Session cochair and HIV/HCV expert Juergen Rockstroh suggested that in a study group of this size, multivariate analysis may not be able to correct for the distinct liver disease progression differences between the nevirapine group and the lopinavir group. He proposed that a matched-pair analysis may afford further insight into the relative value of nevirapine versus lopinavir/ritonavir in people starting PEG-IFN/RBV. Nevirapine must be used with caution in HCV-infected people because liver toxicity is among its best-documented side effects [3,4], especially in the first 10 weeks of therapy.

References

1. Mira JA, Lopez-Cortes LF, Vispo E, et al. Concomitant nevirapine therapy is associated with higher efficacy of pegylated interferon plus ribavirin among HIV/hepatitis C virus-coinfected patients. XVIII International AIDS Conference. July 18-23, 2010. Vienna. Abstract TUAB0101.

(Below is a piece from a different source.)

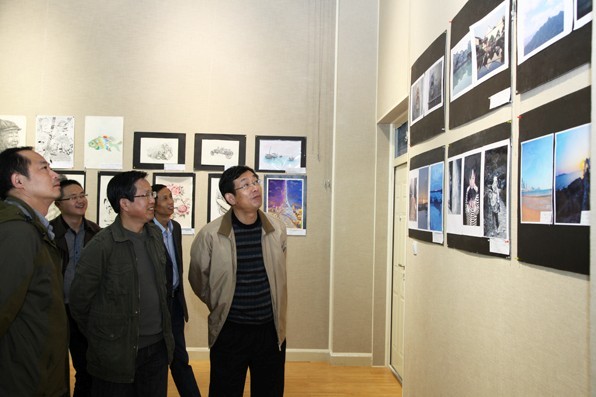 11月5日下午,由校党委宣传部、学工部、教务处、科研处、校团委、校学生会、社团联合会主办,美术学院承办的第十四届大学生科技文化艺术节“丹青墨韵” 书法、篆刻、摄影、美术作品大赛决赛参赛作品在艺术楼展厅展出。校党委副书记余作斌,学生处处长岳宗德,人民武装部部长赵明民,教务处处长李宝峰,科研处处长余本海,校团委书记耿劲松、副书记武治国,宣传部副部长朱四倍,美术学院党总支书记周子良、院长刘根货、副院长张伟、党总支副书记李孝民、副院长邹东升以及部分学院的党总支副书记、团总支老师一同参观了展览,展览吸引了1000余名同学前来参观。

2. Virgili N, Fisac C, Martinez E, Ribera E, Gatell JM, Podzamczer D. Proinflammatory cytokine changes in clinically stable, virologically suppressed, HIV-infected patients switching from protease inhibitors to abacavir. J Acquir Immune Defic Syndr. 2009;50:552-553.

3. Macias J, Castellano V, Merchante N, et al. Effect of antiretroviral drugs on liver fibrosis in HIV-infected patients with chronic hepatitis C: harmful impact of nevirapine. AIDS. 2004;18:767-774.

4. Almond LM, Boffito M, Hoggard PG, et al. The relationship between nevirapine plasma concentrations and abnormal liver function tests. AIDS Res Hum Retroviruses. 2004;20:716-722.